• _PROVIDED DATA_
· · ·

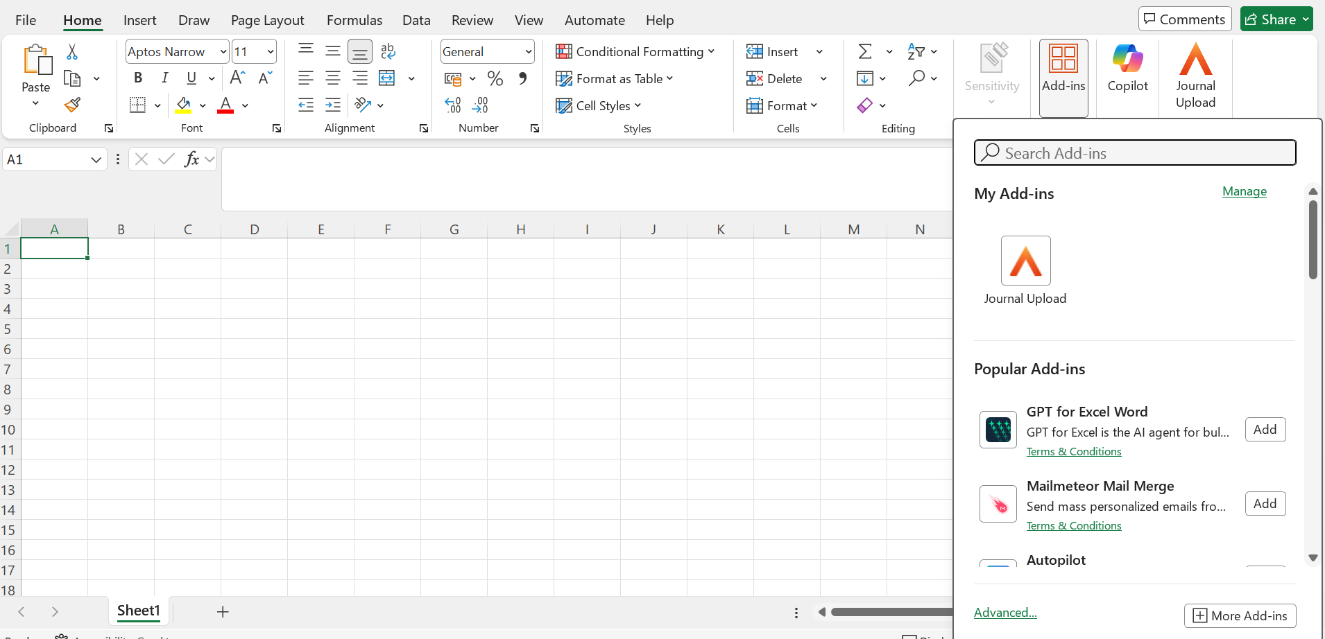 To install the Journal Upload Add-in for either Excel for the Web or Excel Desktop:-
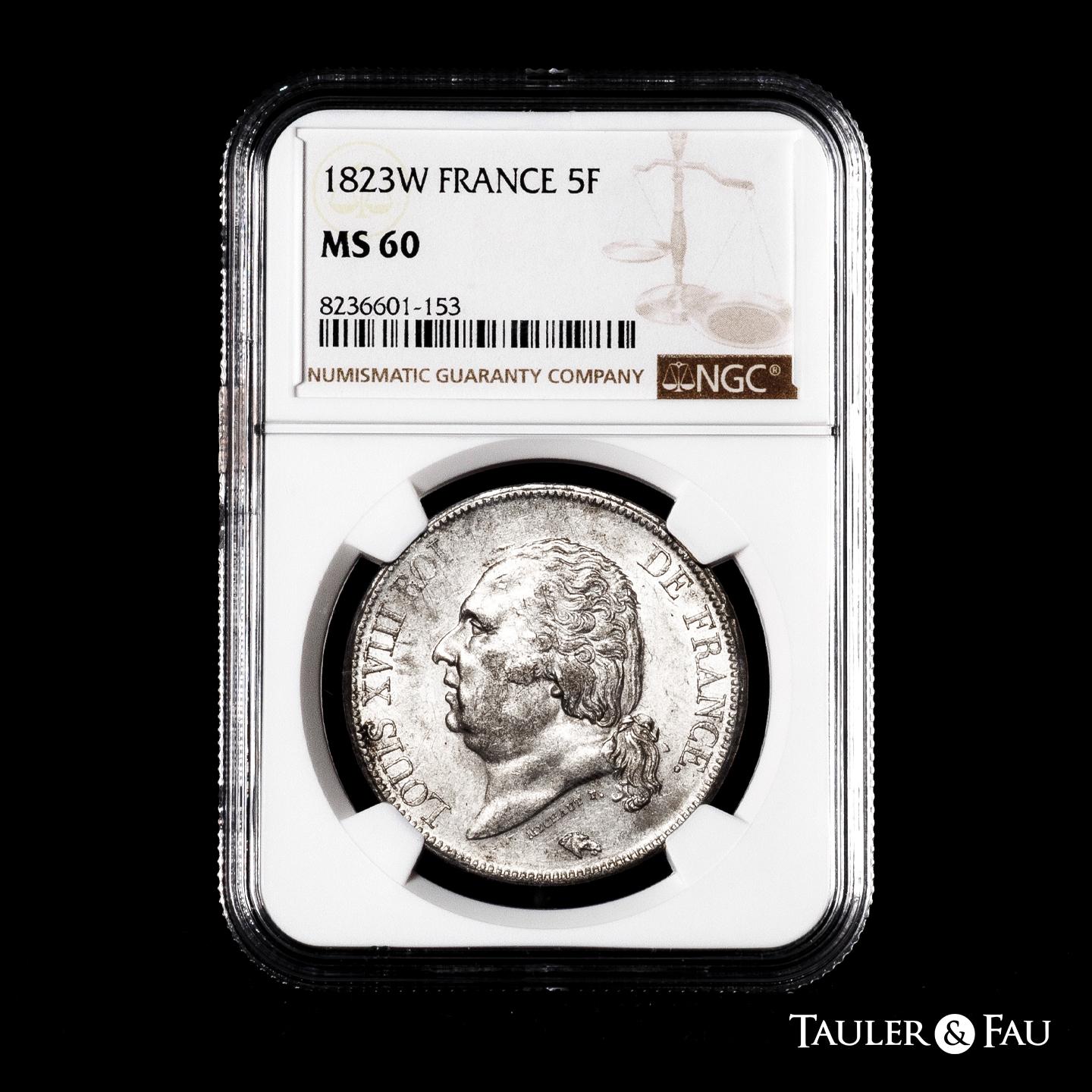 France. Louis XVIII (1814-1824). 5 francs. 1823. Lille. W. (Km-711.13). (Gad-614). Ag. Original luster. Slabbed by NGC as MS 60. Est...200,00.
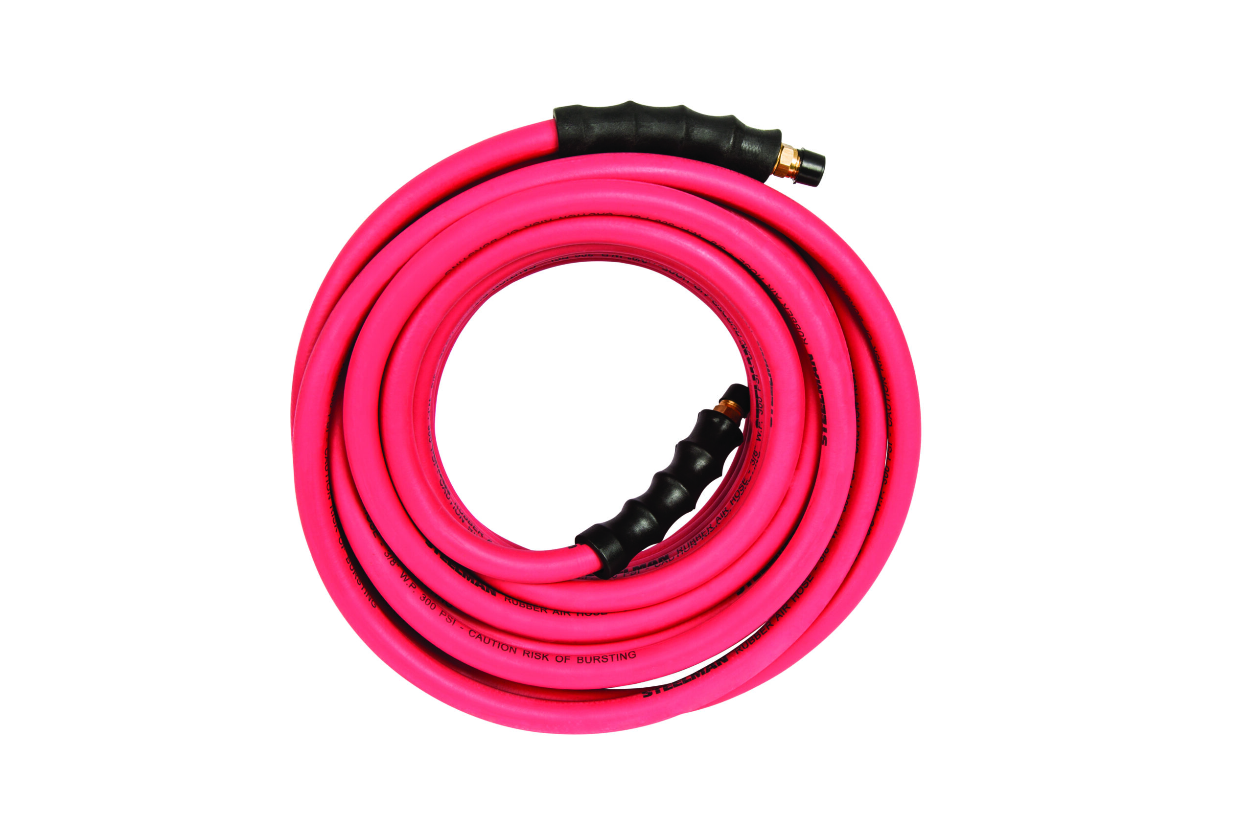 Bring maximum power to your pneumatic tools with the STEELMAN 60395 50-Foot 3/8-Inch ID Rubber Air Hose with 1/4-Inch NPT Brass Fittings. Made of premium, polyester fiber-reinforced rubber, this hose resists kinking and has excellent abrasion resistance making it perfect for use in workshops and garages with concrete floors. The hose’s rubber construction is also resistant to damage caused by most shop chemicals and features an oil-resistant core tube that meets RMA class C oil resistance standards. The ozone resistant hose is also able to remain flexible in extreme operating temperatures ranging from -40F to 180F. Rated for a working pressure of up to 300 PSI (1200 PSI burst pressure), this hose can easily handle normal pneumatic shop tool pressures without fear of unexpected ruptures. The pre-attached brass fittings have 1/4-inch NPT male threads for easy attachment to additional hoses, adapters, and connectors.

· · ·

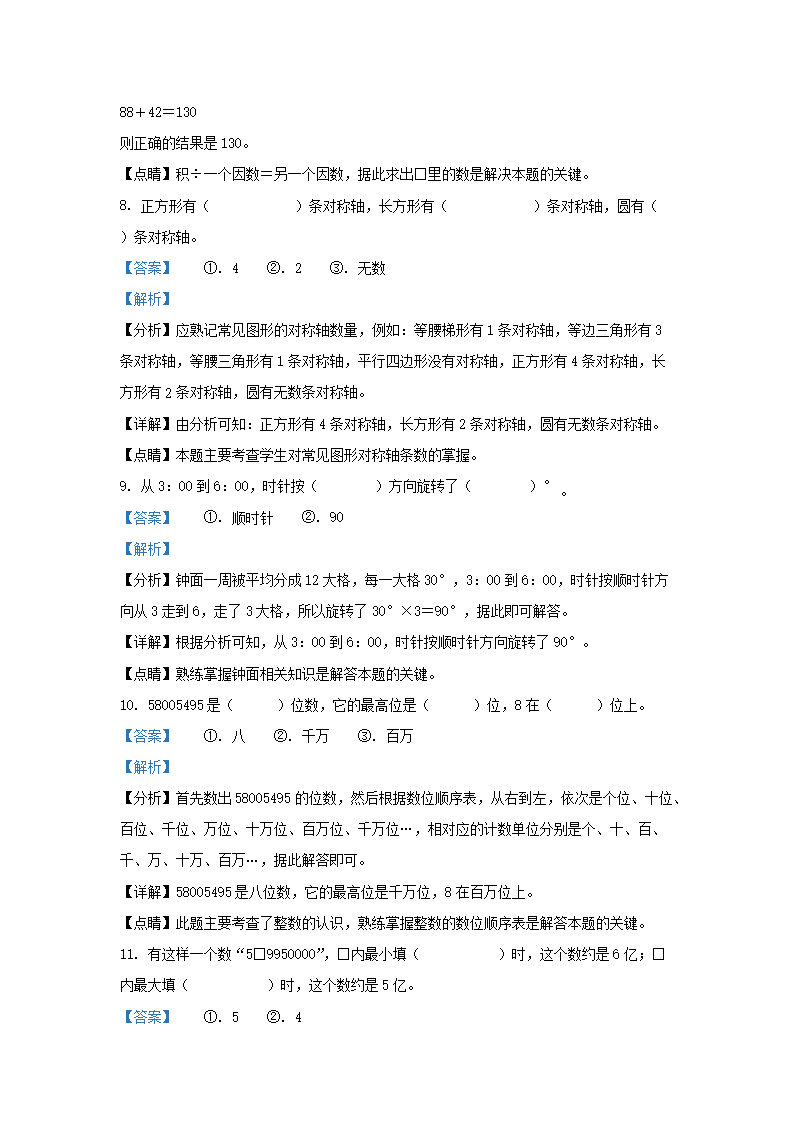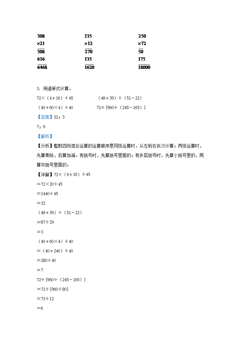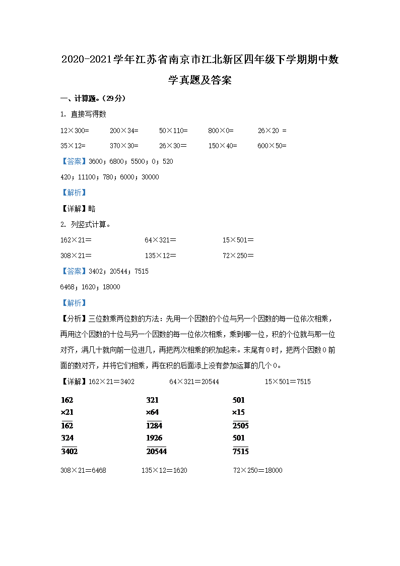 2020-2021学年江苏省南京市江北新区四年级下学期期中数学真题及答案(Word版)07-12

· · ·

• _WORK ITEM_
All that should be printed is the run of lines above from the one with "To install the" through the one with "France. Louis XVIII", both included, exactly as given, with pictures left out.

• _OUTPUT BELOW_
 To install the Journal Upload Add-in for either Excel for the Web or Excel Desktop:-
 France. Louis XVIII (1814-1824). 5 francs. 1823. Lille. W. (Km-711.13). (Gad-614). Ag. Original luster. Slabbed by NGC as MS 60. Est...200,00.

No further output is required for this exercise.